- Sibbald Location of Sibbald Sibbald Sibbald (Canada)
- Coordinates: 51°23′18″N 110°09′01″W﻿ / ﻿51.38833°N 110.15028°W
- Country: Canada
- Province: Alberta
- Region: Southern Alberta
- Census division: 4
- Special area: Special Area No. 3

Government
- • Type: Unincorporated
- • Governing body: Special Areas Board

Population (1991)
- • Total: 33
- Time zone: UTC−06:00 (Alberta Time)
- Area codes: 403, 587, 825

= Sibbald =

Sibbald is a hamlet in southern Alberta, Canada within Special Area No. 3. It is located on Highway 9, approximately 10 km west of the provincial border with Saskatchewan and 154 km northeast of Medicine Hat.

== Climate ==
Sibbald experiences a semi-arid climate (Köppen climate classification BSk). Winters are cold, while summers are warm to hot, and dry.
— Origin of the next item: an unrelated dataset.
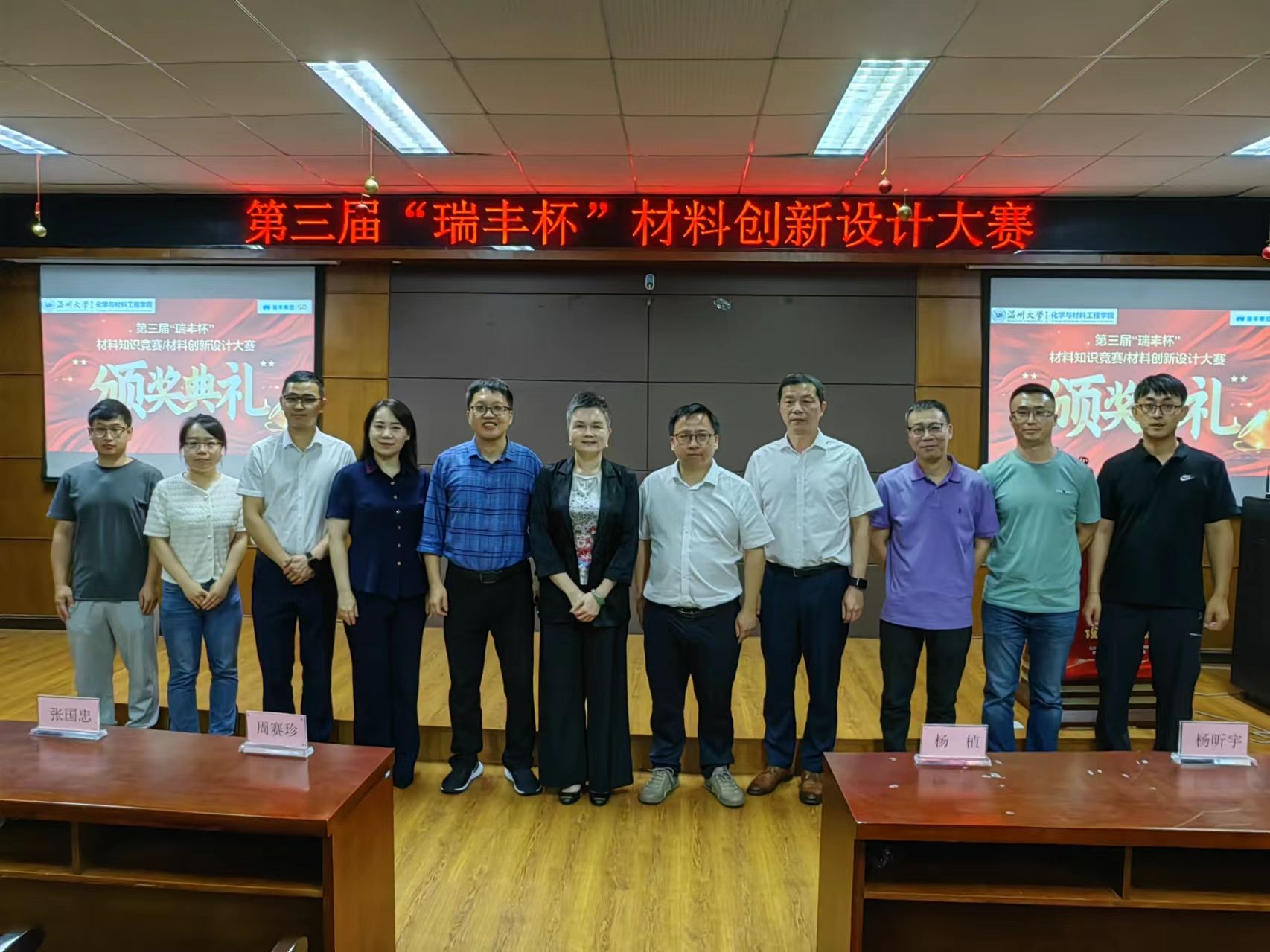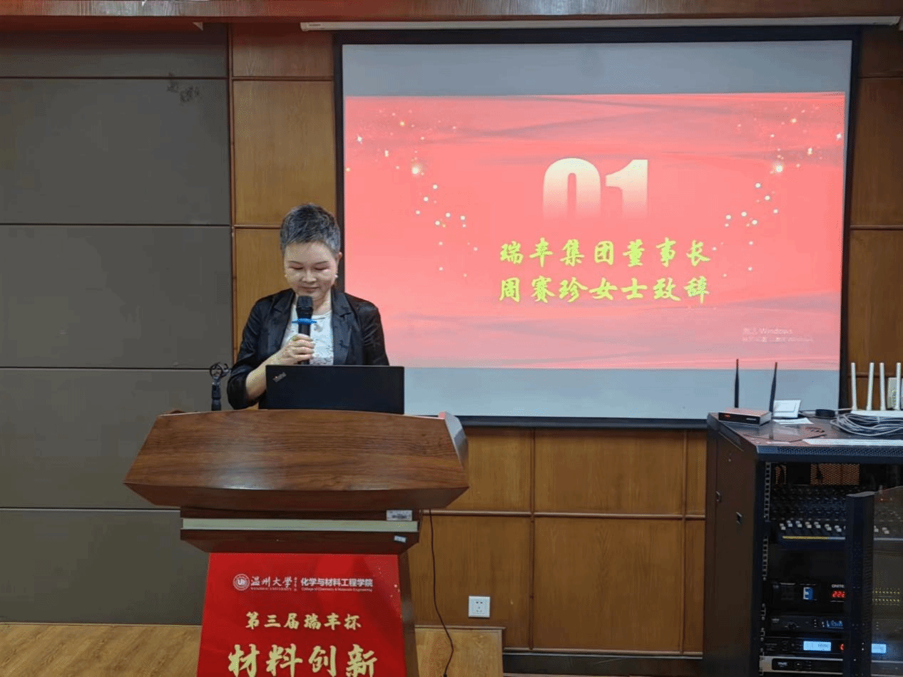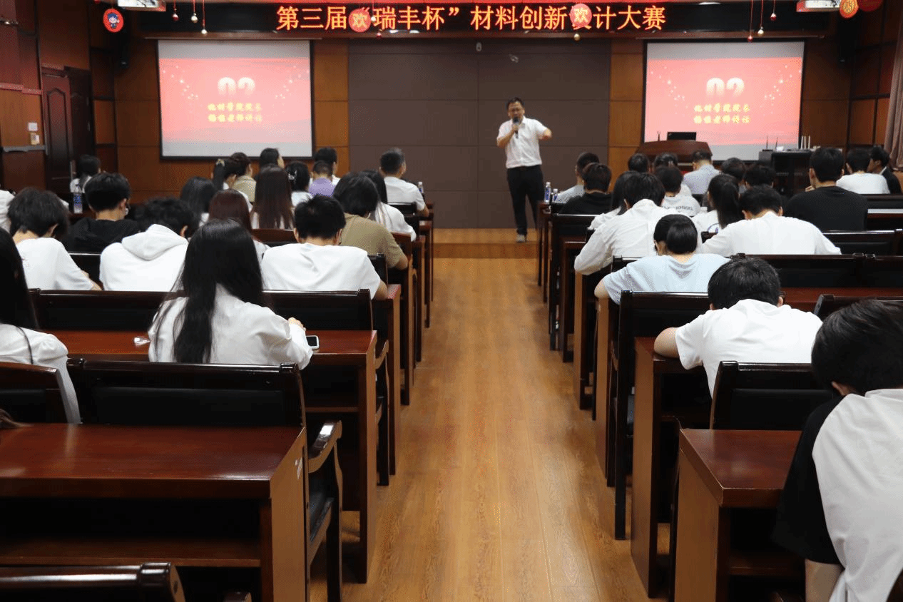 学工办、温州市瑞丰控股集团有限公司在11B208会议室联合举办了第三届“瑞丰杯”材料方案创新设计竞赛。瑞丰控股集团董事长周赛珍女士;瑞迪新材料有限公司总经理张国忠先生;瑞迪新材料有限公司品保部主管田文斌先生;黑料社
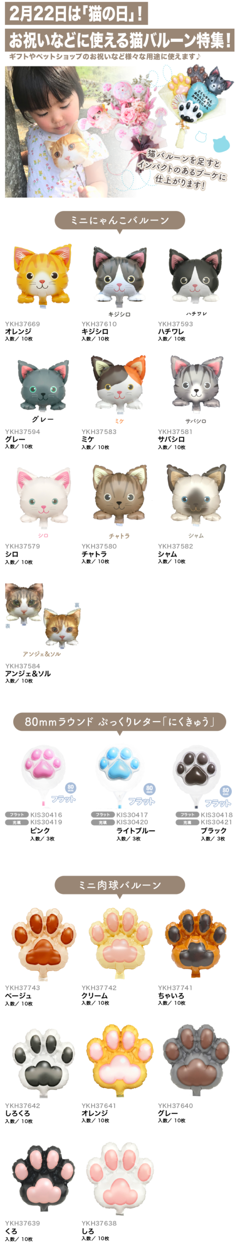 【PICKUP!】2月22日は「猫の日」!お祝いなどに使える猫バルーン特集!

Precipitation is generally low year round, with an annual average of 313.8 mm, and is heavily concentrated in the warmer months.

Climate data for Sibbald
| Month | Jan | Feb | Mar | Apr | May | Jun | Jul | Aug | Sep | Oct | Nov | Dec | Year |
| Record high °C (°F) | 11.1 (52.0) | 11.7 (53.1) | 21.5 (70.7) | 31.0 (87.8) | 36.5 (97.7) | 37.5 (99.5) | 38.5 (101.3) | 40.6 (105.1) | 36.1 (97.0) | 29.4 (84.9) | 21.5 (70.7) | 14.5 (58.1) | 40.6 (105.1) |
| Mean daily maximum °C (°F) | −10.4 (13.3) | −5.6 (21.9) | 1.0 (33.8) | 12.3 (54.1) | 18.2 (64.8) | 22.4 (72.3) | 25.3 (77.5) | 25.2 (77.4) | 18.9 (66.0) | 11.7 (53.1) | 1.0 (33.8) | −6.7 (19.9) | 9.4 (48.9) |
| Daily mean °C (°F) | −16.5 (2.3) | −11.6 (11.1) | −4.9 (23.2) | 5.0 (41.0) | 10.7 (51.3) | 15.1 (59.2) | 17.7 (63.9) | 17.2 (63.0) | 11.2 (52.2) | 4.4 (39.9) | −5.0 (23.0) | −12.6 (9.3) | 2.6 (36.7) |
| Mean daily minimum °C (°F) | −22.4 (−8.3) | −17.6 (0.3) | −10.7 (12.7) | −2.2 (28.0) | 3.2 (37.8) | 7.7 (45.9) | 10.2 (50.4) | 9.1 (48.4) | 3.5 (38.3) | −3.0 (26.6) | −11.1 (12.0) | −18.3 (−0.9) | −4.3 (24.3) |
| Record low °C (°F) | −46.1 (−51.0) | −43.3 (−45.9) | −40.0 (−40.0) | −30.0 (−22.0) | −10.0 (14.0) | −5.0 (23.0) | 0.6 (33.1) | −1.5 (29.3) | −9.0 (15.8) | −27.0 (−16.6) | −38.0 (−36.4) | −43.9 (−47.0) | −46.1 (−51.0) |
| Average precipitation mm (inches) | 13.7 (0.54) | 9.0 (0.35) | 16.7 (0.66) | 19.4 (0.76) | 38.4 (1.51) | 65.2 (2.57) | 54.3 (2.14) | 34.7 (1.37) | 23.2 (0.91) | 12.6 (0.50) | 12.4 (0.49) | 14.1 (0.56) | 313.8 (12.35) |
Source: Environment Canada

== Demographics ==

Sibbald recorded a population of 33 in the 1991 Census of Population conducted by Statistics Canada.